身後之人輕輕拽了拽他的衣袍,像是在祈求,沉思了片刻,最終還是沒将她踢出來。

“不,以後得叫大将軍了,”燕北尋眉眼彎着,卻絲毫沒有笑意:“孤要恭喜少原君了。”

“大殿下過譽。”盛辰南語氣冷淡。

“少原君方才怎麽就要走了,孤還想等宴會結束,同你一起讨論政事呢,”燕北尋耐人尋味地一笑:“父皇總誇你年少有為,治理鳴鳳閣有方,對朝政見解獨到,孤得跟着多學習才是。”
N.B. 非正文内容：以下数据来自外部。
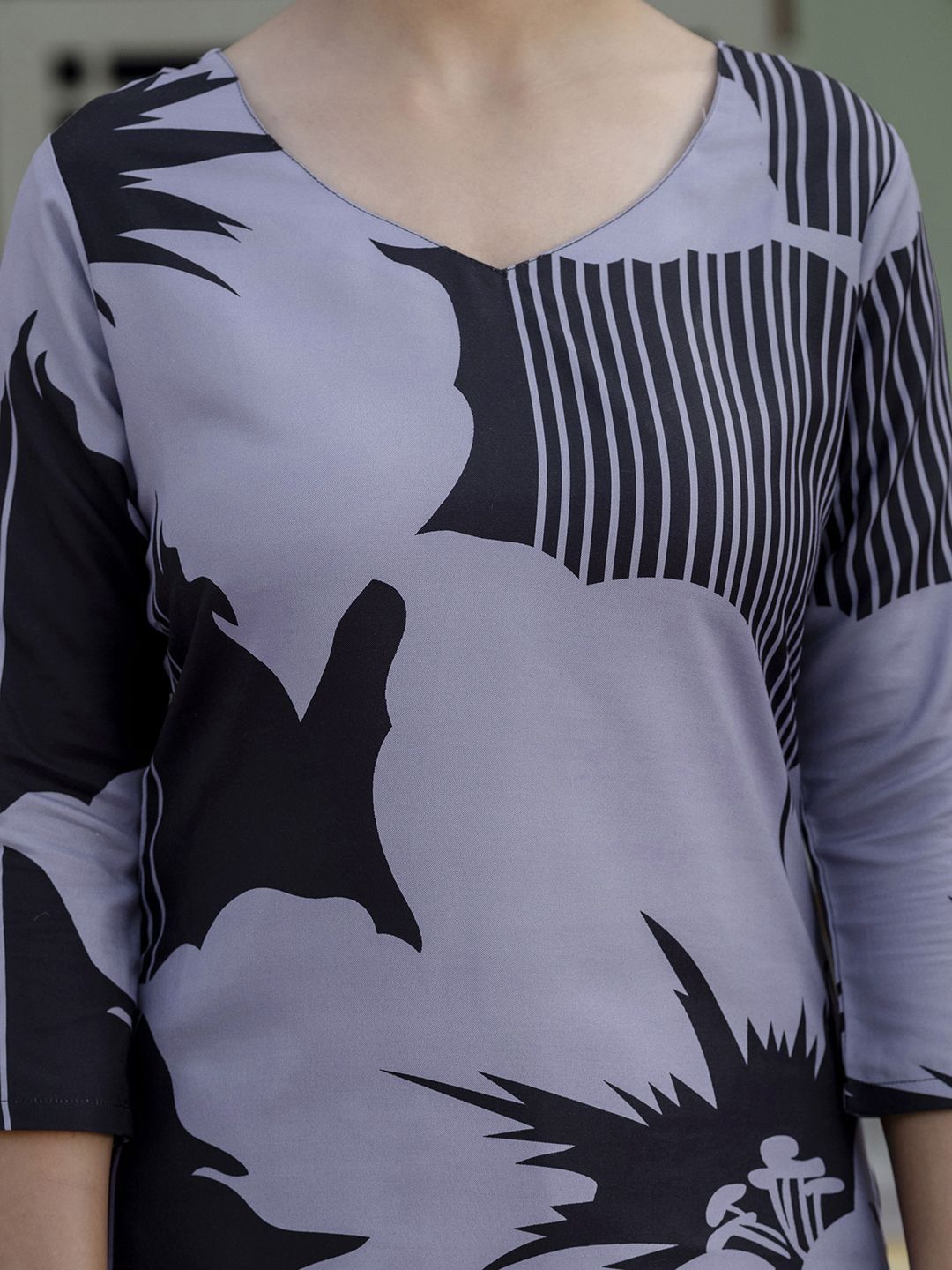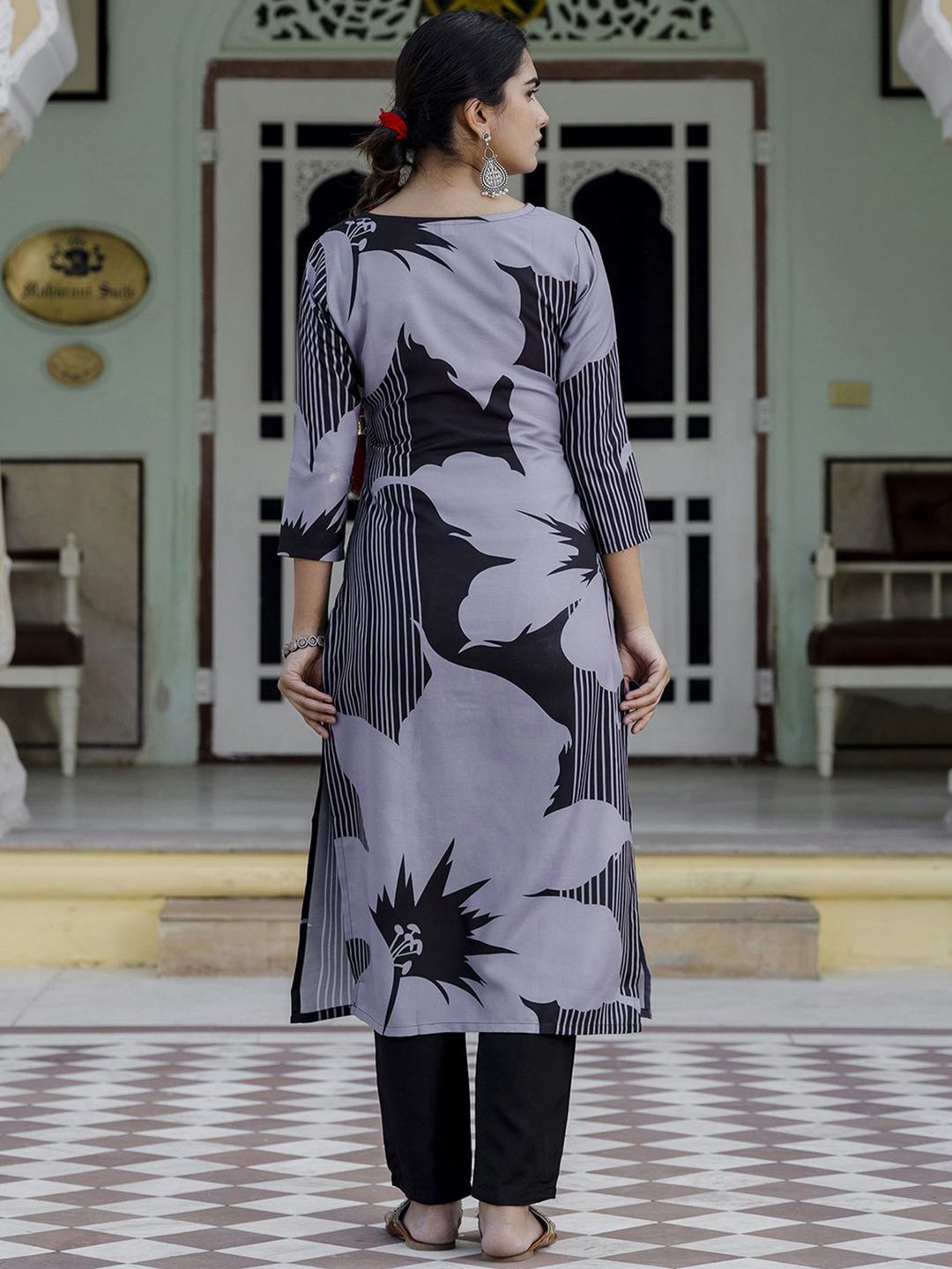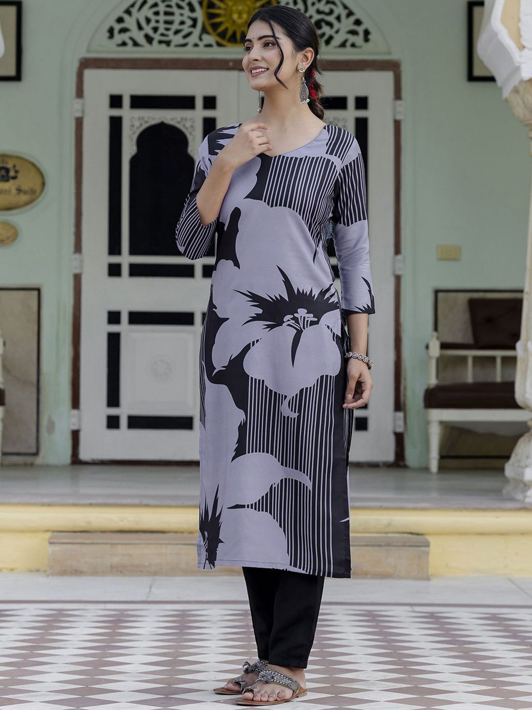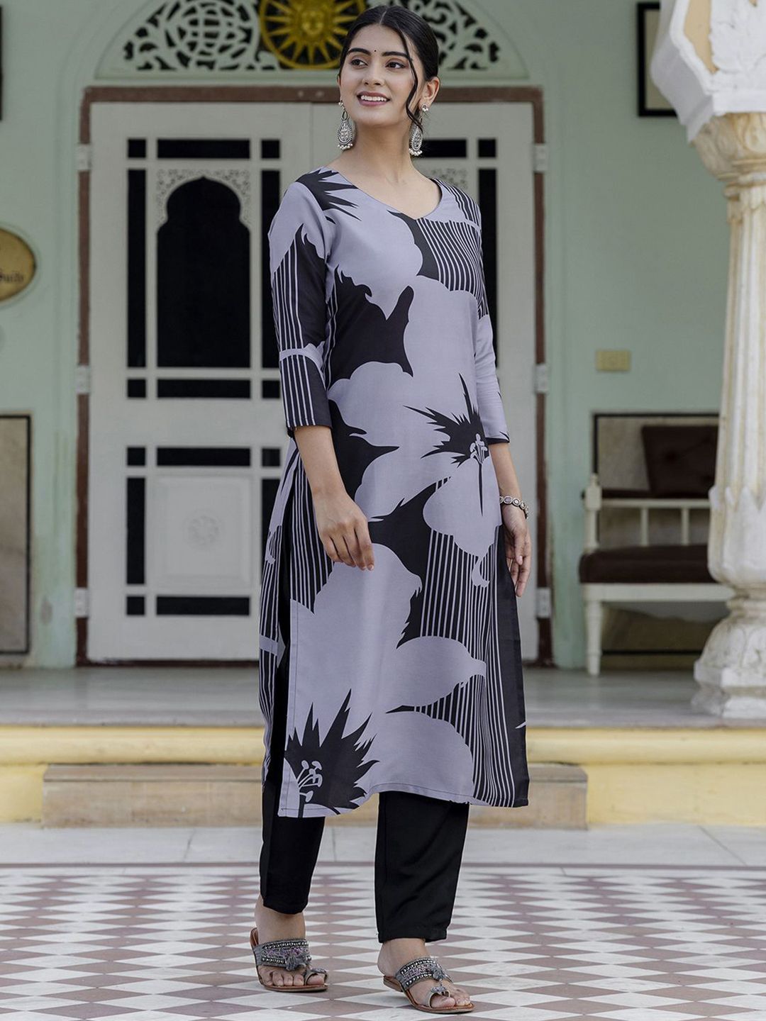 KALINI Floral Printed Round Neck Straight Kurta With Trousers

分明是聽不慣父皇總當着他的面誇別人,父皇對他不滿意,就跟出來找人家怄氣,真是斤斤計較的小肚雞腸。蘭兮躲在大氅裏,蘭兮眼裏湧出恨意,總有一天會讓他的罪行昭之天下!

盛辰南一直這麽冷冷淡淡的,大皇子讨不到解氣的話,也覺得沒趣,敷衍兩句就離開了。人才剛隐入彎道,她就被盛辰南一手扯了出來。